Shantel offers online tutorial services. She charges $25.00 an hour per student. Her budget tracker reflects a total of $3,200.00 monthly expenses. How many hours must Shantel work each month to earn a monthly profit of at least $600.00?
at least _ hours
Let's assume that Shantel needs to work "x" hours each month to earn a monthly profit of at least $600.
Her earnings per month can be calculated as: $25.00/hour * x hours
Her expenses per month are given as $3,200.00.
Her profit per month can be calculated as: Earnings - Expenses = $600.00
So, $25.00/hour * x hours - $3,200.00 = $600.00.
Simplifying the equation, we get: $25.00 * x - $3,200.00 = $600.00.
Adding $3,200.00 to both sides of the equation, we get: $25.00 * x = $600.00 + $3,200.00.
Combining like terms, we get: $25.00 * x = $3,800.00.
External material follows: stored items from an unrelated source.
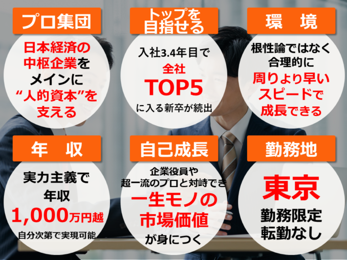 - 「早くから突き抜けたい」「正当な評価が欲しい」「経営に近い場所で勝負したい」そんな野心を持つ人は、企業の意思決定層や超一流のプロと対峙できる。その経験を通じて「視座」と「論理的思考」が大きく引き上げられ、一生モノの市場価値が身につく。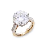 BAGUE en or gris centrée d'un diamant taille brillant de 8.22 cts épaulé de deux...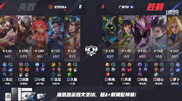 第三局,TTG拿下多次击杀,掌握大局节奏,滔搏几乎没有反抗之力。TTG依靠巨大人头和经济优势拿下本场比赛!本局MVP为广州TTG向鱼- (蔡佑其)干将莫邪!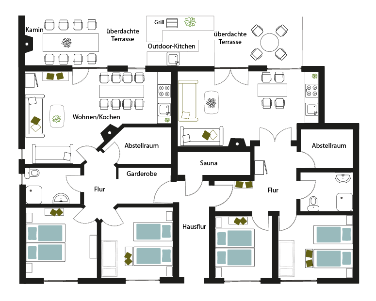 Doppelapartment bis 10 Personen mit Outdoorküche, Kamin und Sauna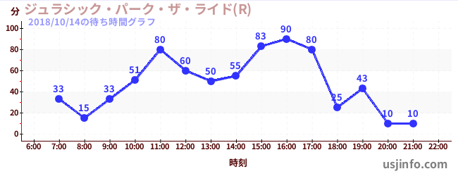 • ジュラシック・パーク・ザ・ライド(R)$B$N(B2018年10月14日の待ち時間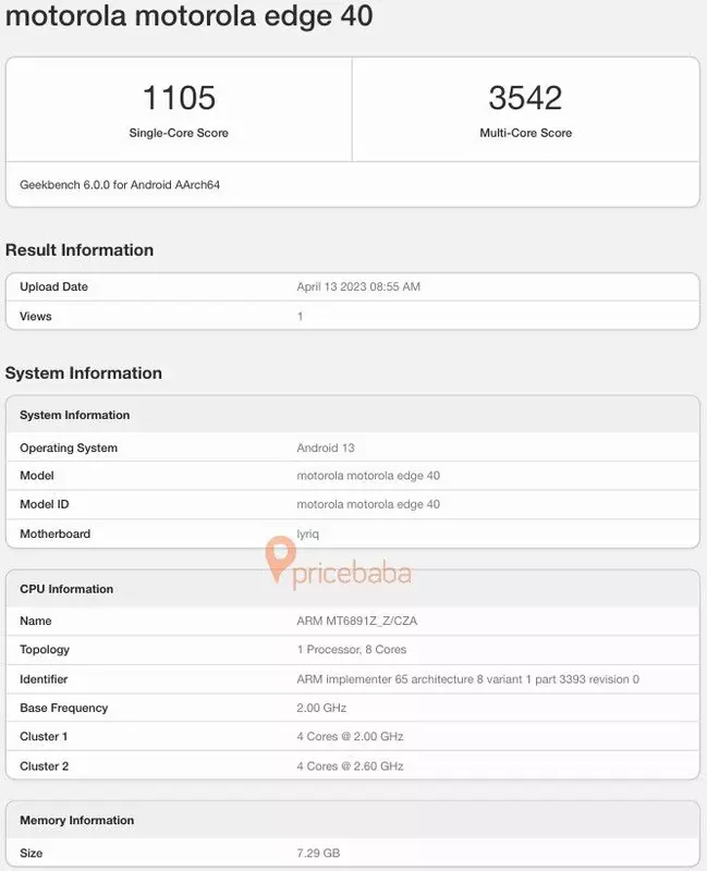 Motorola Edge 40 z układem MediaTek Dimensity 1100 i 8GB RAM przetestowana w Geekbench.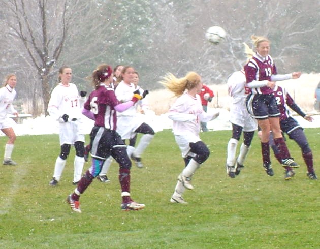| Amy Ravenhorst puts her head into the ball in the middle of the field. |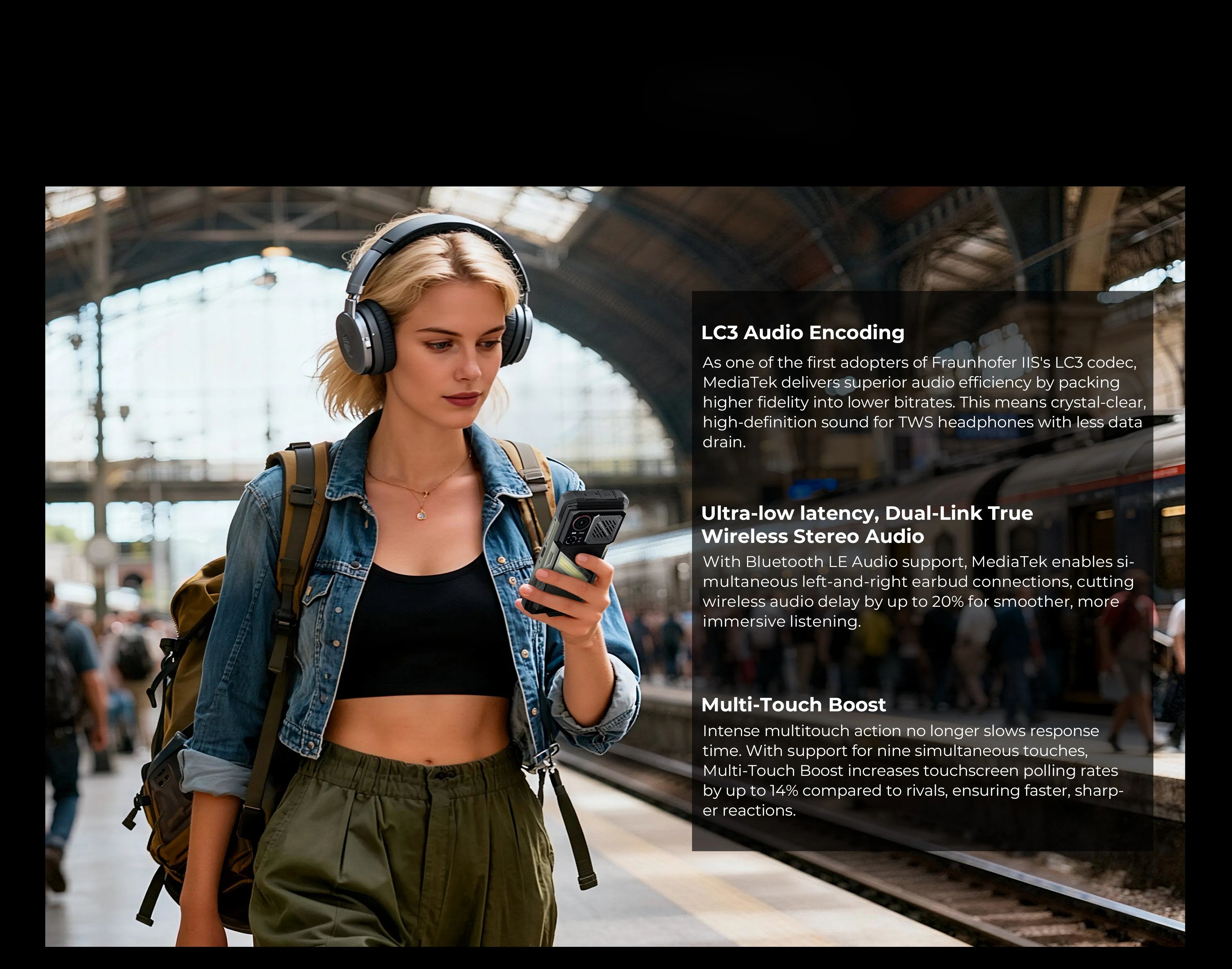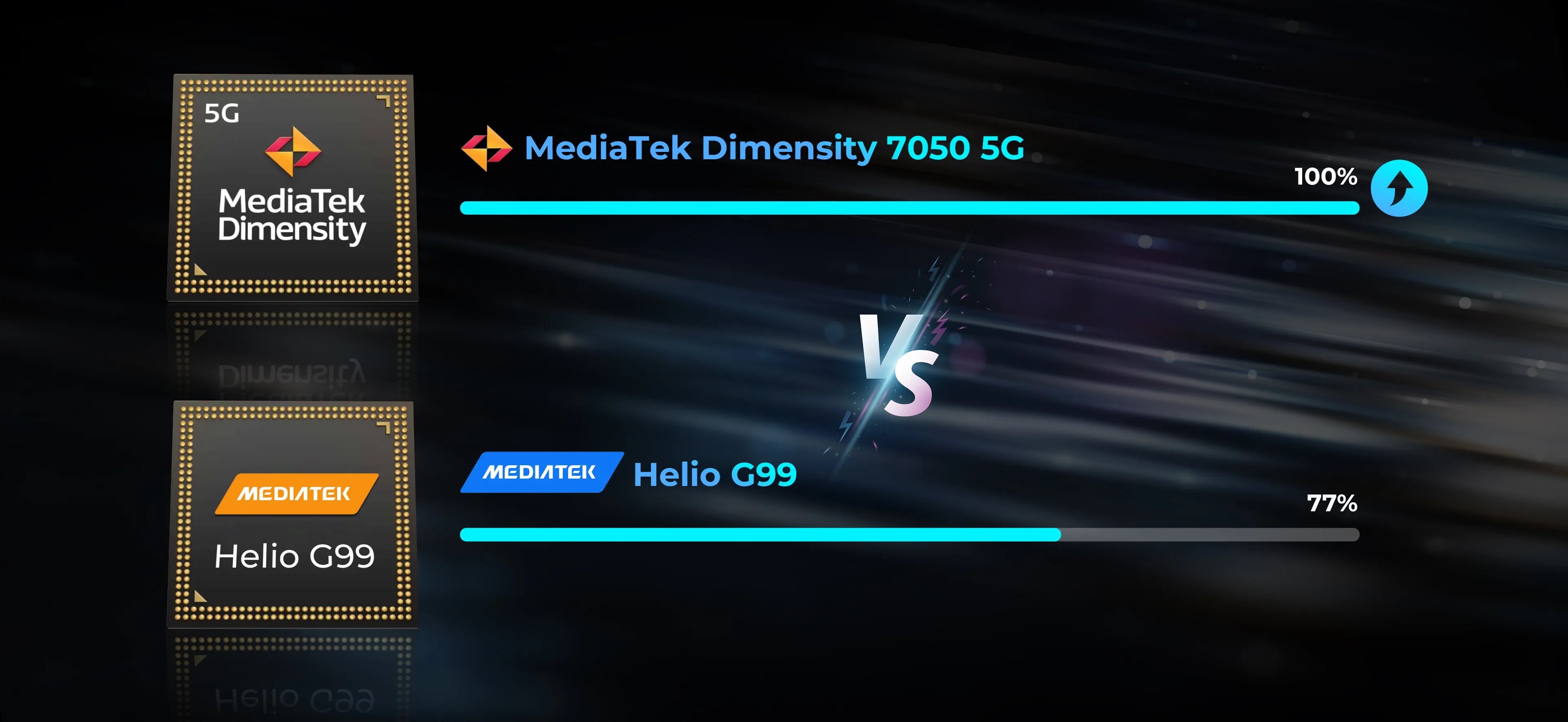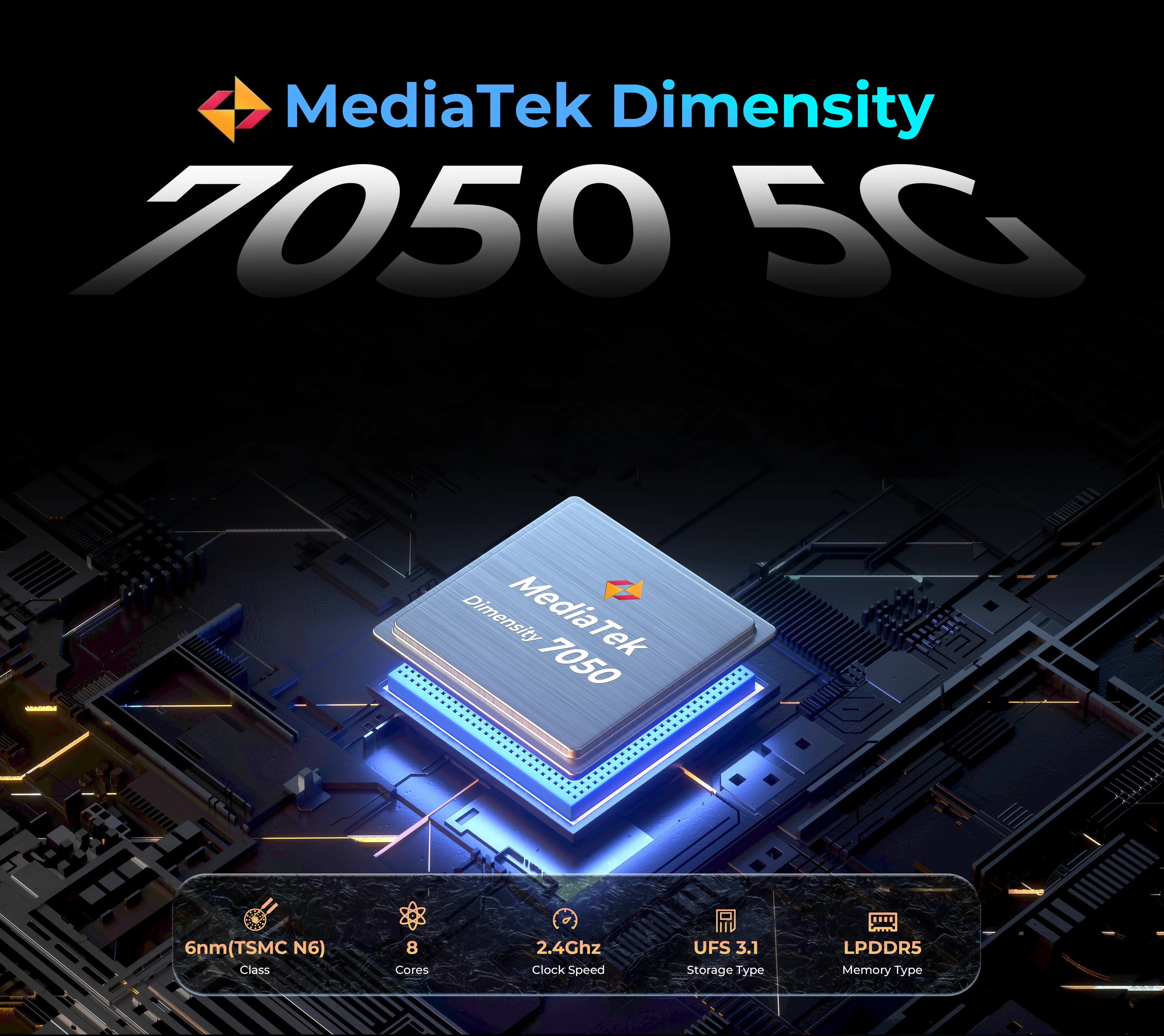 The Dimensity 7050’s integrated 5G modem, built on an advanced 6nm process, is powered by MediaTek 5G UltraSave—a suite of intelligent power-saving technologies that extend performance while conserving battery life.

Dividing both sides of the equation by $25.00, we get: x = $3,800.00 / $25.00.
Calculating the value of x, we find: x = 152.
Therefore, Shantel must work at least 152 hours each month to earn a monthly profit of at least $600.00.
To find out how many hours Shantel must work each month to earn a profit of at least $600.00, we need to set up an equation.
Let's denote the number of hours Shantel works each month as "x".
The total income she will earn from tutoring, with a charge of $25.00 per hour per student, is given by the equation: Income = 25x.
Her monthly expenses are $3,200.00.
Her monthly profit is calculated by subtracting her expenses from her income: Profit = Income - Expenses.
We need to find the value of "x" that satisfies the inequality: Profit ≥ $600.00.
So, the equation becomes: 25x - $3,200.00 ≥ $600.00.
To isolate "x," we need to move the negative $3,200.00 to the other side by adding it to both sides of the equation:
25x - $3,200.00 + $3,200.00 ≥ $600.00 + $3,200.00.
Simplifying the equation gives:
25x ≥ $3,800.00.
Finally, divide both sides of the equation by 25 to solve for "x":
25x/25 ≥ $3,800.00/25,
x ≥ $152.00.
From the calculation, we find that Shantel must work at least 152 hours per month to earn a monthly profit of at least $600.00.